11 But let us “not love the world, neither the things that are in the world. For the things that are in the world, are the lust of the flesh, and the lust of the eyes, and the pride of life.” These three are they: lest haply any man say, “The things that are in the world, God made: i.e. heaven and earth, the sea: the sun, the moon, the stars, all the garniture of the heavens. What is the garniture of the sea? All creeping things. What of the earth? animals, trees, flying creatures.
These are 'in the world,' God made them. Why then am I not to love what God has made?” Let the Spirit of God be in you, that you may see that all these things are good: but woe to you if you love the things made, and forsake the Maker of them! Fair are they to you: but how much fairer He that formed them! Mark well, beloved. For by similitudes you may be instructed: lest Satan steal upon you, saying what he is wont to say, Take your enjoyment in the creature of God; wherefore made He those things but for your enjoyment?
And men drink themselves drunken, and perish, and forget their own Creator: while not temperately but lustfully they use the things created, the Creator is despised. Of such says the apostle: “They worshipped and served the creature rather than the Creator, Who is blessed for ever.” God does not forbid you to love these things, howbeit, not to set your affections upon them for blessedness, but to approve and praise them to this end, that you may love your Creator.
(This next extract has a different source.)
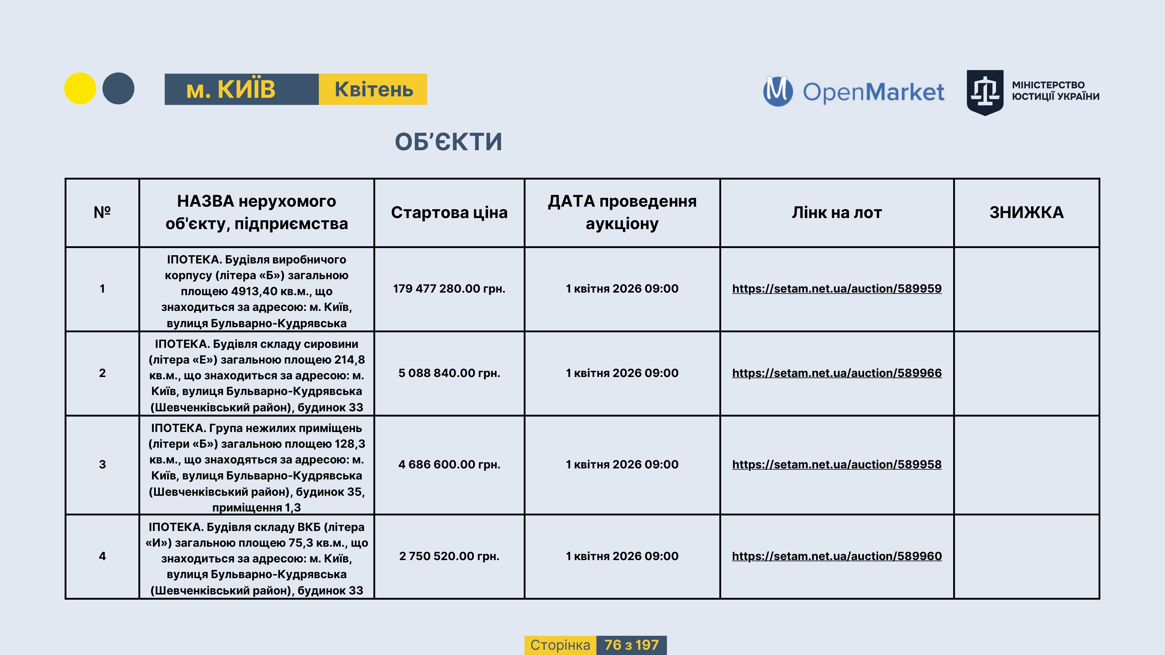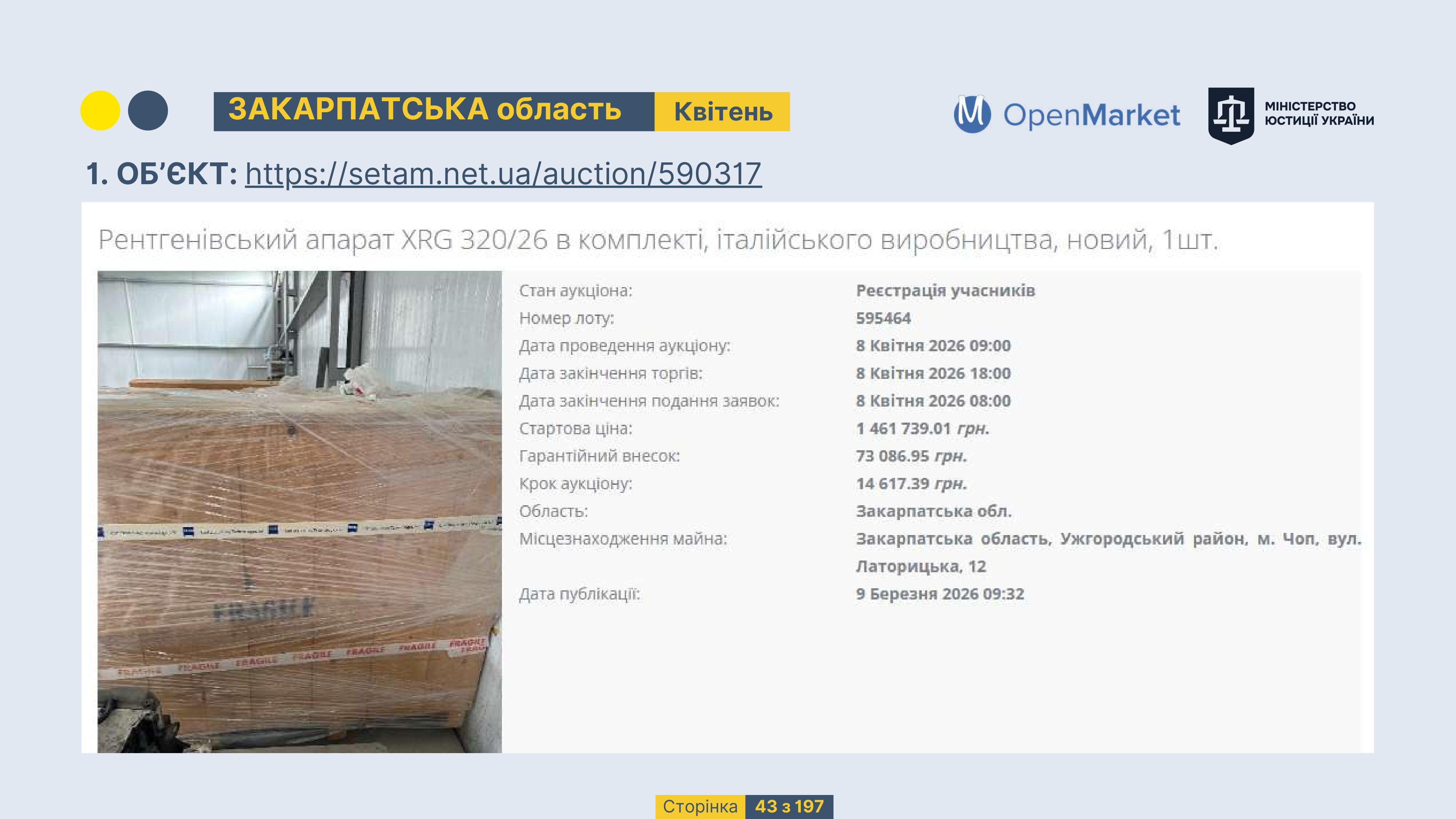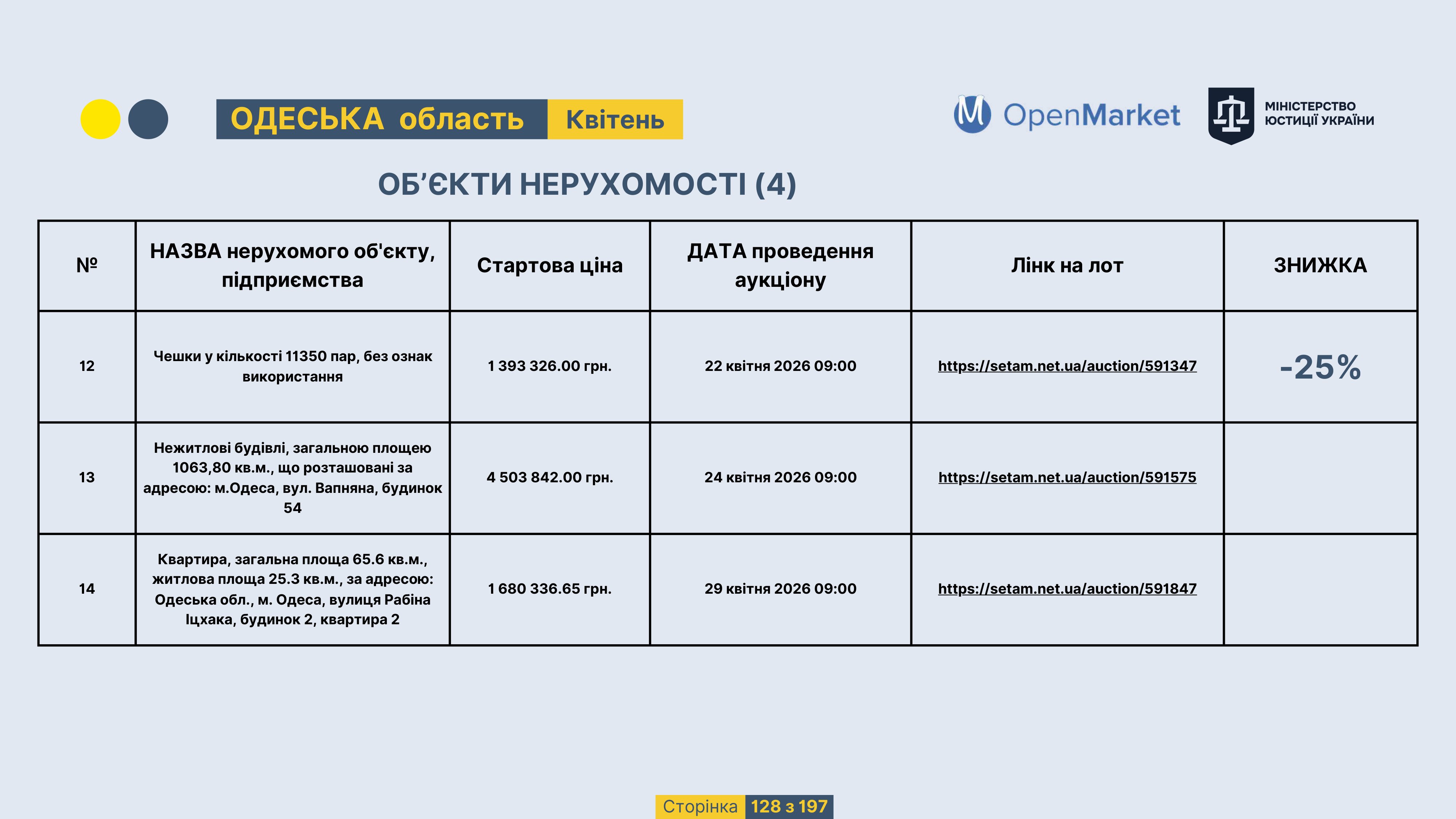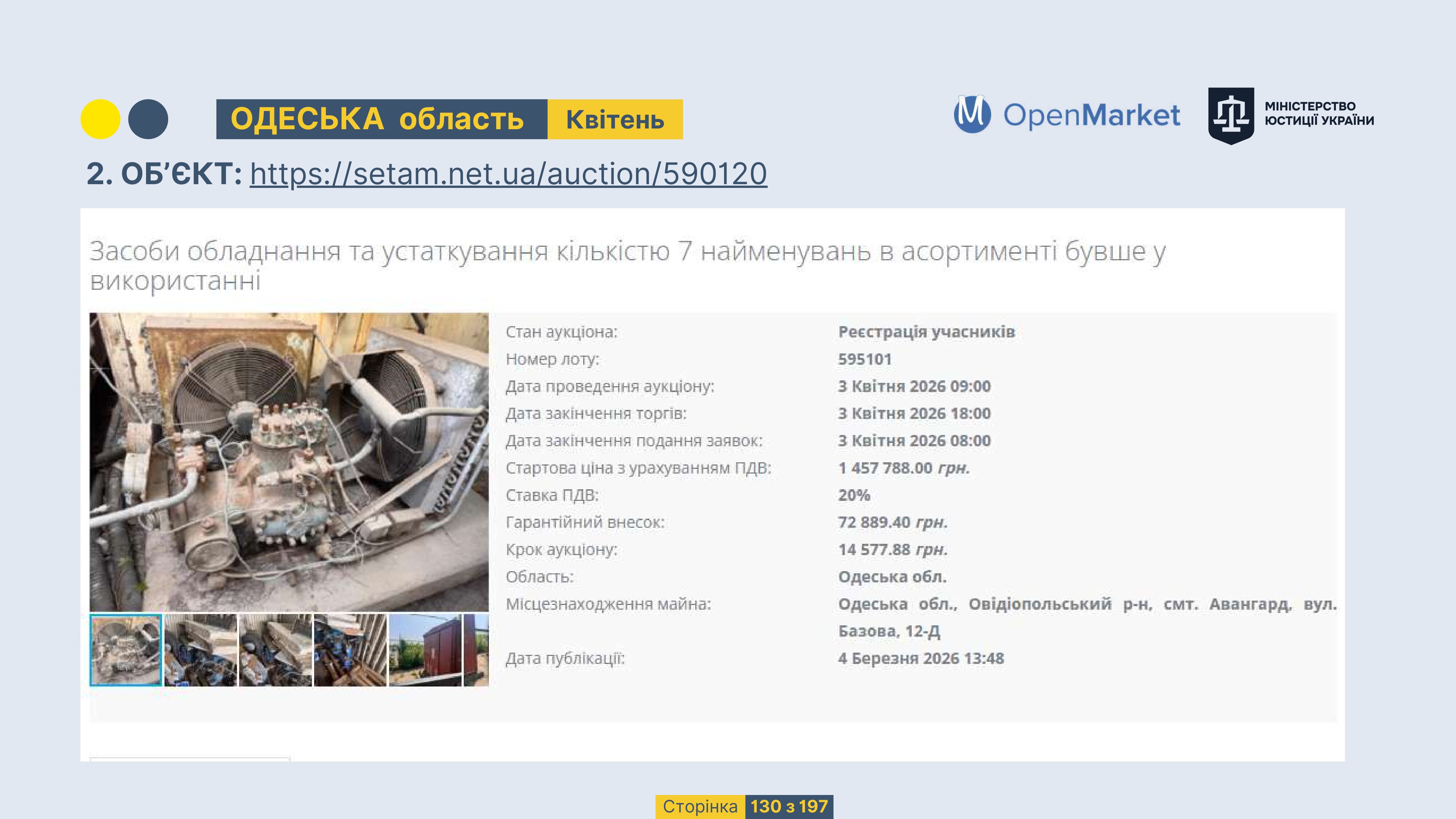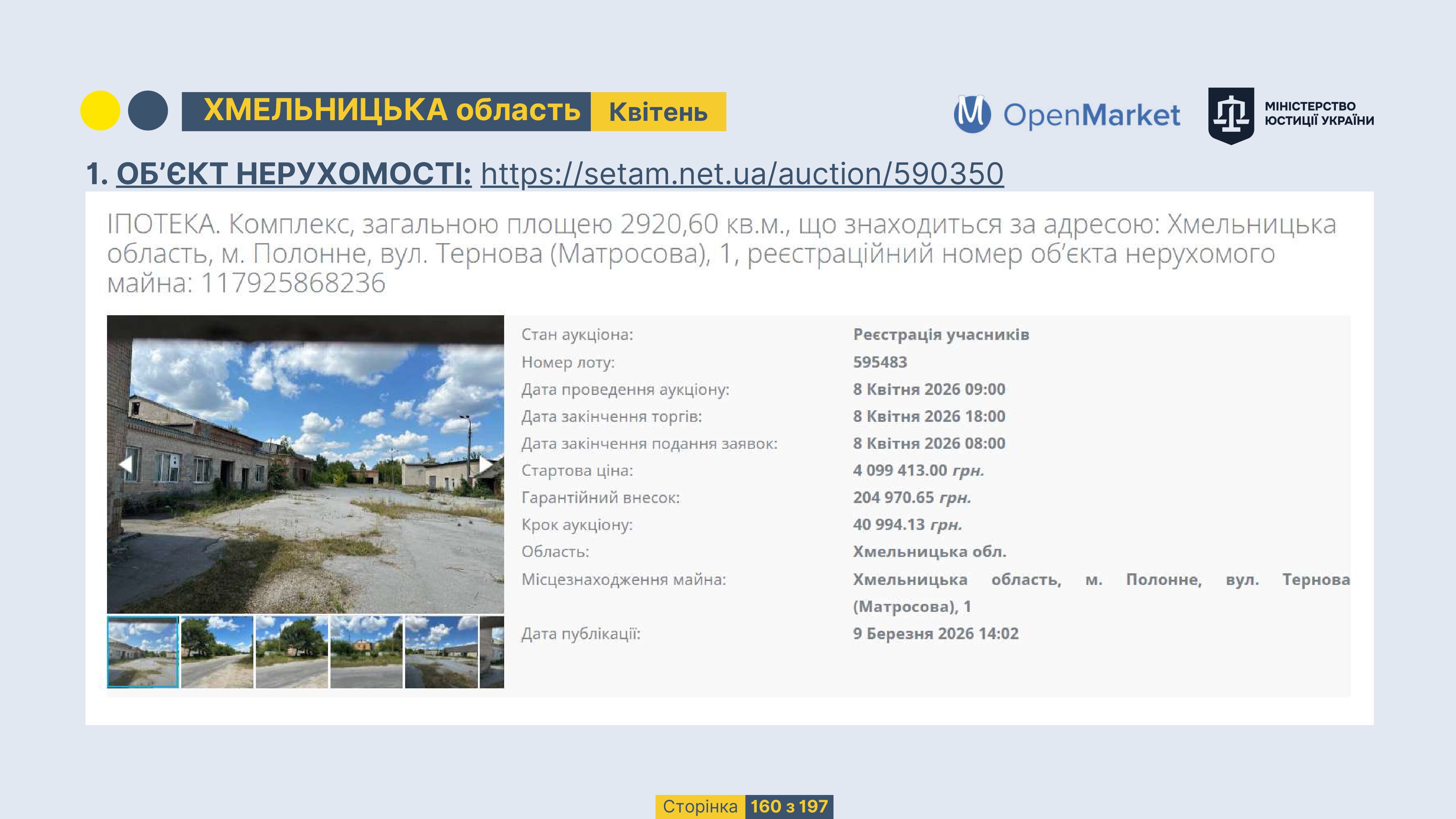 Державне підприємство «СЕТАМ» Міністерства юстиції України (далі - ДП «СЕТАМ»), повідомляє, що відповідно до Порядку реалізації арештованого майна, затвердженого наказом Міністерства юстиції України 29.09.2016 №2831/5, зареєстрованим в Міністерстві юстиції України 30.09.2016 за №1301/29431 (далі - Порядок реалізації), відповідно до частини другої та четвертої статті 61 Закону України від 02.06.2016 «Про виконавче провадження» через державну електронну аукціонну платформу OpenMarket ДП «СЕТАМ» у поточному місяці 2026 року оголошено проведення низки електронних аукціонів («Інвестиційний дайджест №3», що додається).

In the same manner, my brethren, as if a bridegroom should make a ring for his bride, and she having received the ring, should love it more than she loves the bridegroom who made the ring for her: would not her soul be found guilty of adultery in the very gift of the bridegroom, albeit she did but love what the bridegroom gave her?
By all means let her love what the bridegroom gave: yet should she say, “This ring is enough for me, I do not wish to see his face now:” what sort of woman would she be? Who would not detest such folly? Who not pronounce her guilty of an adulterous mind? You love gold in place of the man, lovest a ring in place of the bridegroom: if this be in you, that you love a ring in place of your bridegroom, and hast no wish to see your bridegroom; that he has given you an earnest, serves not to pledge you to him, but to turn away your heart from him!
For this the bridegroom gives earnest, that in his earnest he may himself be loved. Well then, God gave you all these things: love Him that made them. There is more that He would fain give you, that is, His very Self that made these things. But if you love these— what though God made them— and neglect the Creator and love the world; shall not your love be accounted adulterous?